Thank you for including the part about doubt being common. I struggle heavily with feeling like i’m misdiagnosing myself but that’s also a result of never being listened to by health professionals. It’s also difficult because my behaviors are nearly all contradicting which I’ve heard from others with ADHD+ASD and it causes me to feel like i’m trapped in a box where the walls are slowly moving in and crushing me into myself. Some of my behaviors include:
- Picking at my bellybutton: It’s all scar tissues at this point because I scrape and pick until a piece of skin comes off then I rip it off. I don’t always notice when i’m doing it and have wondered if this is just anxiety or if it could be considered a stim.
- Unintentional eating disorder: I have never wanted to lose weight ever and actually struggle with being underweight and how I look. I recently realized I had gone days without eating or sleeping and felt fine for the most part. I just don’t feel hungry during the day unless I engage in 🍃, but sometimes I will find myself binging from 2-5 am like my body finally is ready to eat. I was a very adventurous eater as a child but now have developed very few foods that don’t feel “heavy” or something is just off about them. I lived on hot fries and mountain dew for about a year in my preteens and go through phases where I can only eat certain foods or my throat will literally freeze up and if I force them down I feel bloated and nauseas.

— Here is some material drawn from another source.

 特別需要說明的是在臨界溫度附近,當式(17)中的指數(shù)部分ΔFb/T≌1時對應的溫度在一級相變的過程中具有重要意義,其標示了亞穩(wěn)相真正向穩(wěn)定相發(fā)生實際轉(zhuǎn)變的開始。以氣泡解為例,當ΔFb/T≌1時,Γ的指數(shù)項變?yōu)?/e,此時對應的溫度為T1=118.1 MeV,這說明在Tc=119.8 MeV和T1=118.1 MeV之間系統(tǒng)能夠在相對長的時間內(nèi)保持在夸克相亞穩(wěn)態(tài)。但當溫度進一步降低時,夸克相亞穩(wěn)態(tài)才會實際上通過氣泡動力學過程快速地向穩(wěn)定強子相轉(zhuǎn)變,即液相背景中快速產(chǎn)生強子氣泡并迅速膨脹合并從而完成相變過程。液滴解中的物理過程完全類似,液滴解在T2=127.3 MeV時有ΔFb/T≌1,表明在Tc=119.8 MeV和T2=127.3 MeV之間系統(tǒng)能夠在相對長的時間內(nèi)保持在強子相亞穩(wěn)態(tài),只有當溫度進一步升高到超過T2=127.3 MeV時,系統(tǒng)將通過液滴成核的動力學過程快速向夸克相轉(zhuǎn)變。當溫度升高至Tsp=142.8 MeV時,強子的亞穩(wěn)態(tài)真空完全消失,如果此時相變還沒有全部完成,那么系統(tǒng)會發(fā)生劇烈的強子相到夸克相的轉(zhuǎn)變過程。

- I used to sleep 12-15 hours a day but now can easily go days without sleeping, I also have chronic fatigue that isn’t effected whether I sleep 1 hour or 12. My circadian clock is on a 180 schedule. Around 10pm it feels like i’m finally waking up, 8-4pm feels like the middle of the night.

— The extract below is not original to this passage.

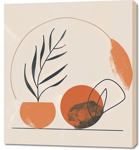Obraz z serii boho zatytułowany Tonacja Pasteli. Obraz przedstawia harmonijną kompozycję elementów natury i abstrakcyjnych kształtów. Widzimy doniczkę z delikatną rośliną o czarnych, smukłych liściach, które delikatnie kontrastują z ciepłym odcieniem pomarańczy naczynia. Towarzyszą jej geometryczne formy: dwa krągłe kształty w tonacji ziemi, które przeplatają się, tworząc iluzję przestrzeni i głębi. Rysunek uzupełnia subtelna linia horyzontu i rozproszone kropki, dodające plakatowi dynamiki. Idealnie sprawdzi się jako element dekoracyjny w pomieszczeniach, gdzie dominuje spokój i równowaga, takich jak jasne, przestronne salony, pokoje do medytacji lub ciche zakątki bibliotek.

- I’ve begun to realize that my “friends” in school were laughing at me. I was a clown for entertainment and I thought this was just how others connected, because my attempts to connect through info dumping or debate taught me that this was not what people wanted.
- I simultaneously LOVE organizing, cleaning, planning, etc and CAN NOT for the life of me maintain it for myself. I have very few habits but the ones I do have will throw me into panic if they are interrupted.
- I have serious auditory sensitivities: if someone in the house is putting away dishes it can send me into a rage of discomfort. I don’t listen to music bc I hate headphones and don’t actually enjoy most music for longer than a few minutes, it just makes the world feel louder and more crowded.